I know men can be trusted. I trust all the men in my family, gentle men, every one, and I have sons who would never even think of hurting a woman. I know many lovely men who have never threatened or abused me or, as far as I know, any other woman. 
So where all are these other guys and where are they coming from? These guys who have murdered more than a thousand First Nations women in the past few years. These guys who beat and murder their wives and girlfriends. These guys who molest and rape. And that's just here in Canada. When you look around the world to, for instance, Africa, you can't help wondering if a large number of men are some kind of alien in a human body. 
I have been alone with three in my lifetime who gave me a serious scare, and felt lucky to get away without having something terrifying and painful forced upon me. I've known another who believes any woman is strong enough to stop any man and therefore rape is impossible. Him I wouldn't be alone with again. And as a very young woman, I was inappropriately groped by an employer and a co-worker at one of my first jobs. I laughed it off and forgot about it, afraid I was just immature and had somehow invited this treatment by my lack of sophistication. I never reported it, and I didn't quit the job either. I just became more careful.

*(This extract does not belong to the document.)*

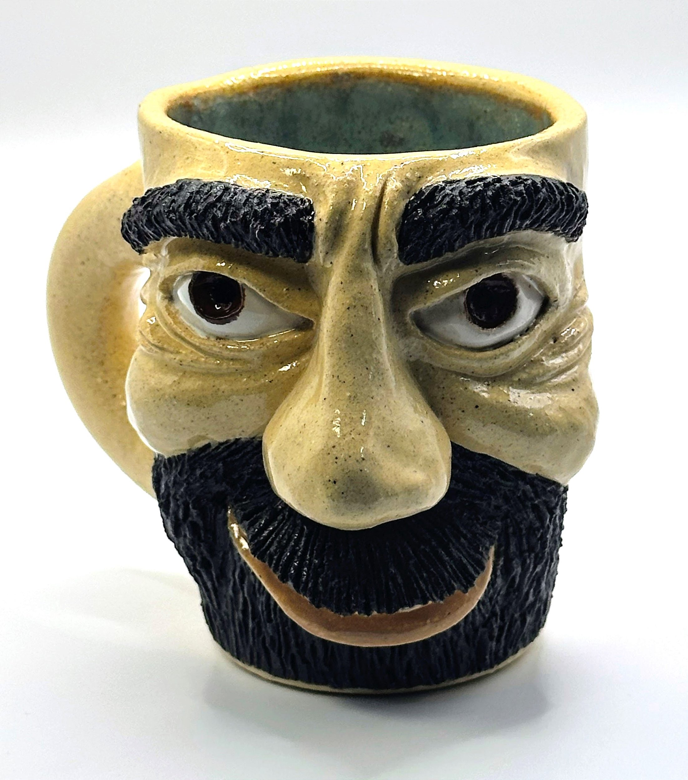 Caneca Artesanal de Cerâmica com Rosto Barbudo e Simpático Esculpido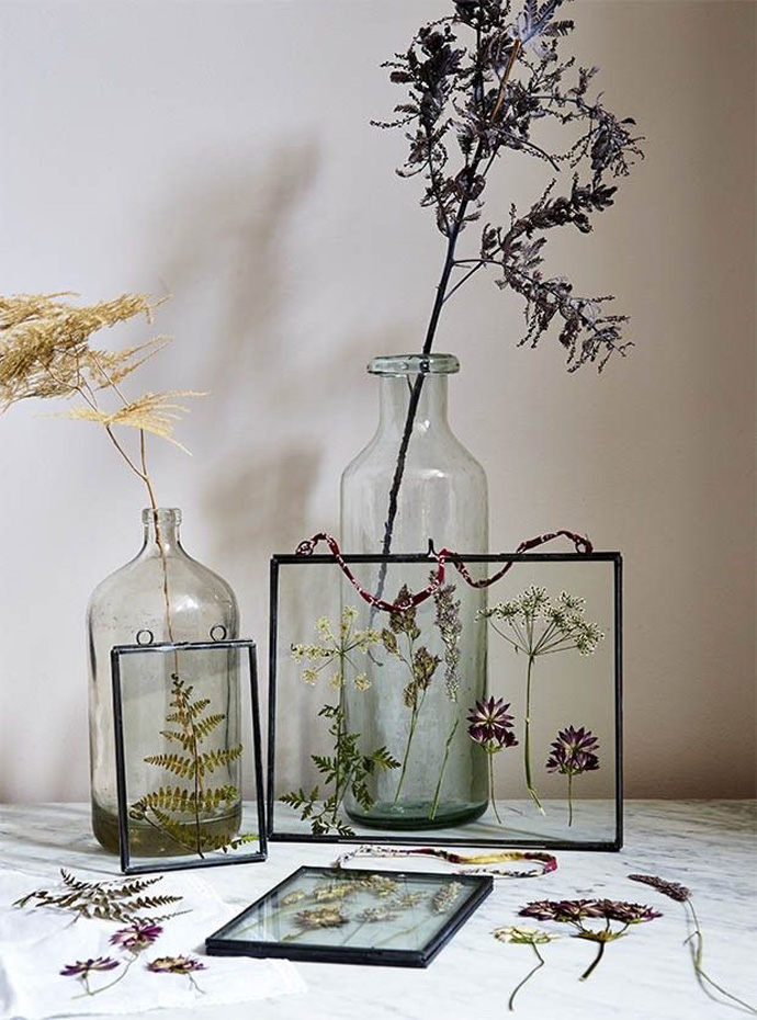 将干花放置于透明的玻璃容器中做摆件

Becoming a martial arts aficionado couldn't hurt. 
Or maybe we should never, ever be alone with a man we don't know well and trust. 
(Even then, do women and children have to worry? 
According to the history books and the newspapers, we do.)
Jian Ghomeshi obviously has serious mental health issues if he is compelled to punch women in the head or choke them. Maybe he should be in jail; maybe he would be if any of the women he abused had gone to the police.

Listening to their stories, I'm reminded that high hopes, trustingness, willingness to give someone a second chance, not taking your own experience seriously, and even naivety and poor judgment aren't responsible for what this man did. These women did not provoke his behaviour, nor did they allow it or invite it. Getting into a shitty situation and not knowing how to escape it is not a crime; violent abuse is. 
When you look at the statistics on reported rape and abuse of women and children today, the social conventions of a couple hundred years ago don't look so backward.

What a horrible shame, though, that anyone — anyone — should have to experience this kind of victimization by anyone, and that this violent mistreatment is running rampant in the world.